Excerpts from a dataset →
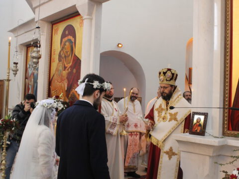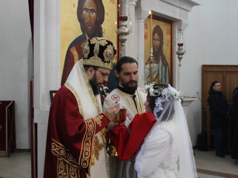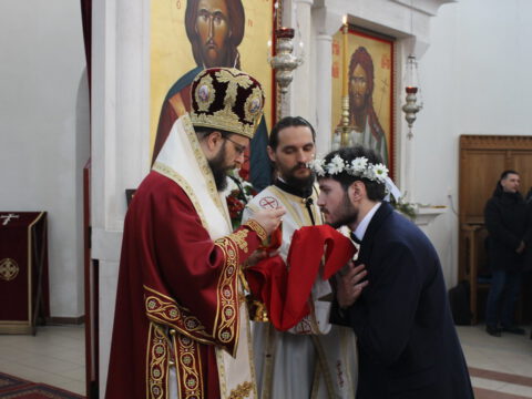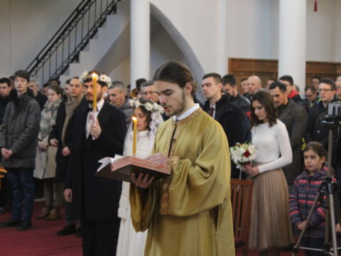 Током свете Литургије извршена је света Тајна брака – чин венчања Михајла Илића и Ане Хавран из Новог Сада.
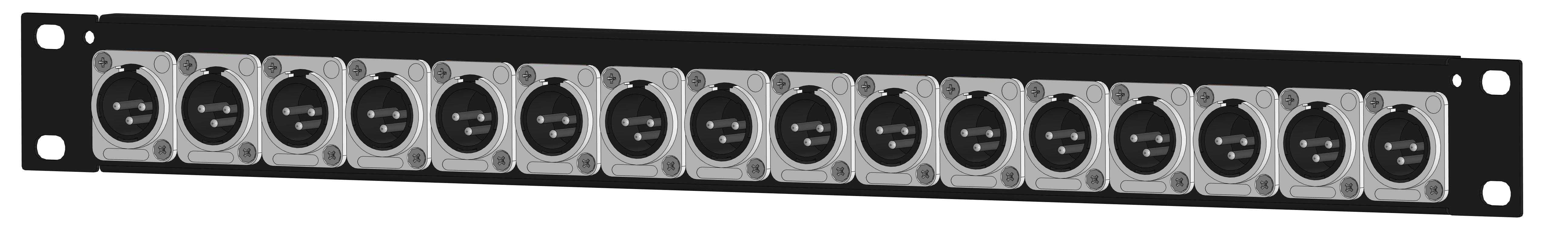 Оконечная аудио панель 16-кан. (16-OUT), Standart, (16х XLR штекер), 1U, 19" для звуковых сигналов-XLR, D-посадка. Комплектующие: разъемы MRC RXDN-3M; панель MrCable P1U-16D
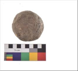 | Description / विवरण | Specimen of a sling ball with rough surface. |
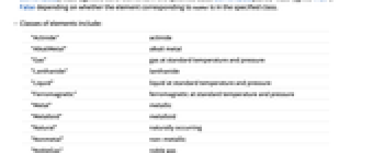 "Actinide" actinide "AlkaliMetal" alkali metal "Gas" gas at standard temperature and pressure "Lanthanide" lanthanide "Liquid" liquid at standard temperature and pressure "Ferromagnetic" ferromagnetic at standard temperature and pressure "Metal" metallic "Metalloid" metalloid "Natural" naturally occurring "Nonmetal" non-metallic "NobleGas" noble gas "Radioactive" radioactive in all forms "Solid" solid at standard temperature and pressure "Stable" stable with respect to radioactive decay "Synthetic" occurring only when synthesized - ElementData["name","property","ann"] gives various annotations associated with a property. Typical annotations include:
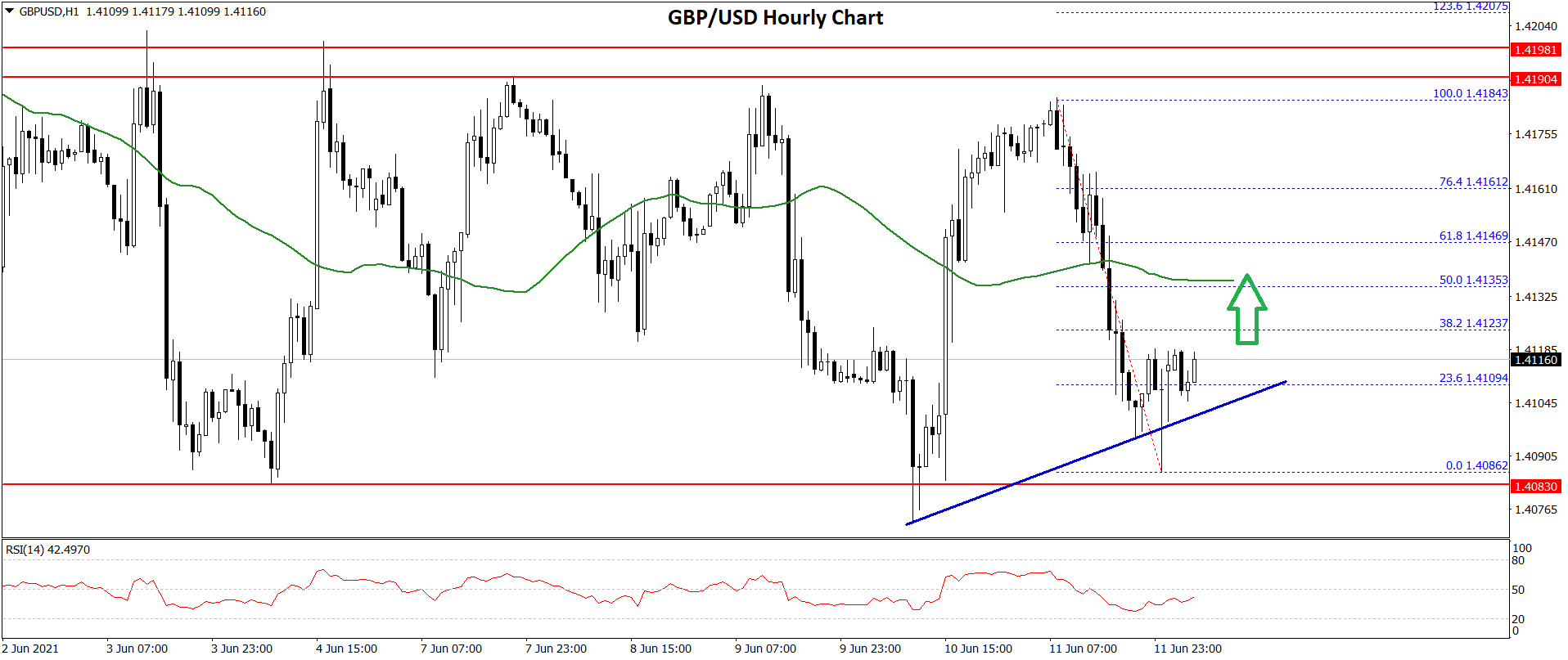 - There is a key bullish trend line forming with support near 1.4100 on the hourly chart of GBP/USD.
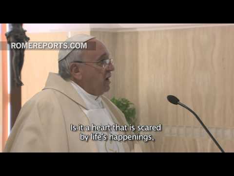 "With this example, we can ask ourselves today: What kind of heart do we have? Is it a fickle heart which like a dancer, like a butterfly flits from one to another…always in motion; Is it a heart that is scared by the vicissitudes of life, and is hiding and afraid to give witness to Jesus Christ; is it a brave heart or a heart that has so much fear and is always trying to hide? What does our heart care for? What treasure does our heart custody? Is my heart fixed upon creatures, the problems that we all have ? Is my heart fixed upon everyday gods or is it a heart fixed on the Holy Spirit? ".
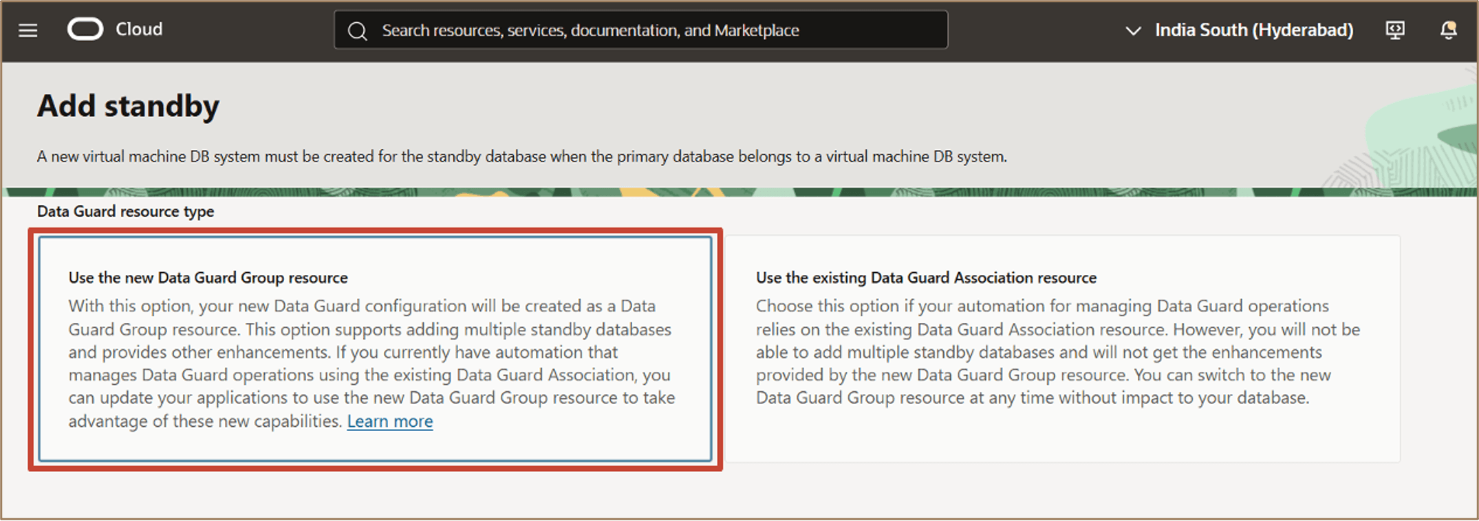 En el flujo de trabajo Agregar base de datos en espera, seleccione Usar el nuevo recurso de grupo de Data Guard.
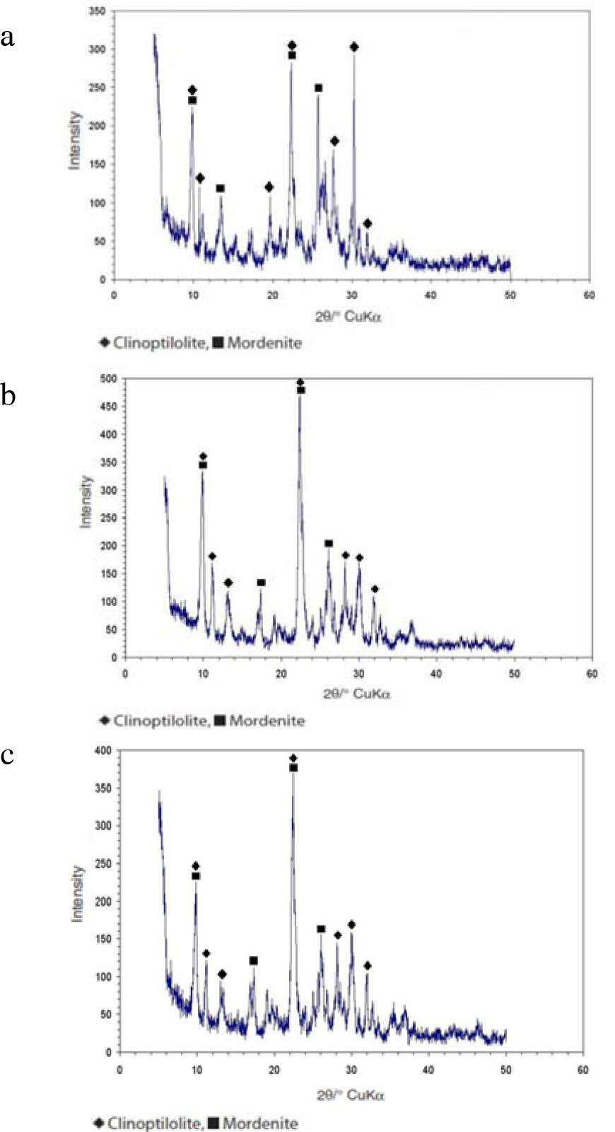 XRD peak pattern of the natural zeolite dried at 200°C: (a) Bayah, (b) Lampung, and (c) Tasikmalaya.
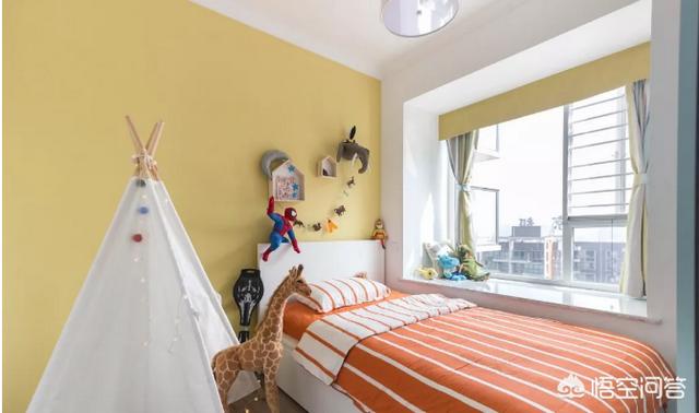 浅色感觉轻,深色感觉重。房间颜色应上浅下深过渡渐变。不妨把屋顶和墙壁刷成白色、米黄色等浅色系,墙裙加深一些,家具颜色更深一些。这样给人的感觉十分稳定、和谐。
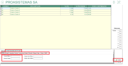 - Definir los campos de las cuentas especiales para provisión, solo se define si la empresa contablemente maneja cuentas para provisión por cada centro de costo de lo contrario se deja en blanco para qué las cuentas que se tomen seas las definidas en los parámetros de provisión del módulo “contabilizar”. Por último, marcar “Aceptar”.
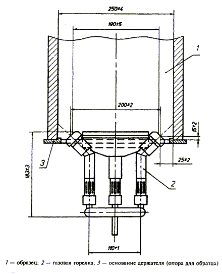 7.3.5. Источником зажигания является газовая горелка, состоящая из четырех отдельных сегментов. Смешение газа с воздухом осуществляется с помощью отверстий, расположенных на газоподводящих трубах при входе в сегмент. Расположение сегментов горелки относительно образца и ее принципиальная схема показаны на рисунке Б2.

What to produce →
Print exactly the lines running from the start of the entries above to the line with "rough surface. |", both included; leave out any pictures.

Result of this exercise →
 Током свете Литургије извршена је света Тајна брака – чин венчања Михајла Илића и Ане Хавран из Новог Сада.
 Оконечная аудио панель 16-кан. (16-OUT), Standart, (16х XLR штекер), 1U, 19" для звуковых сигналов-XLR, D-посадка. Комплектующие: разъемы MRC RXDN-3M; панель MrCable P1U-16D
 | Description / विवरण | Specimen of a sling ball with rough surface. |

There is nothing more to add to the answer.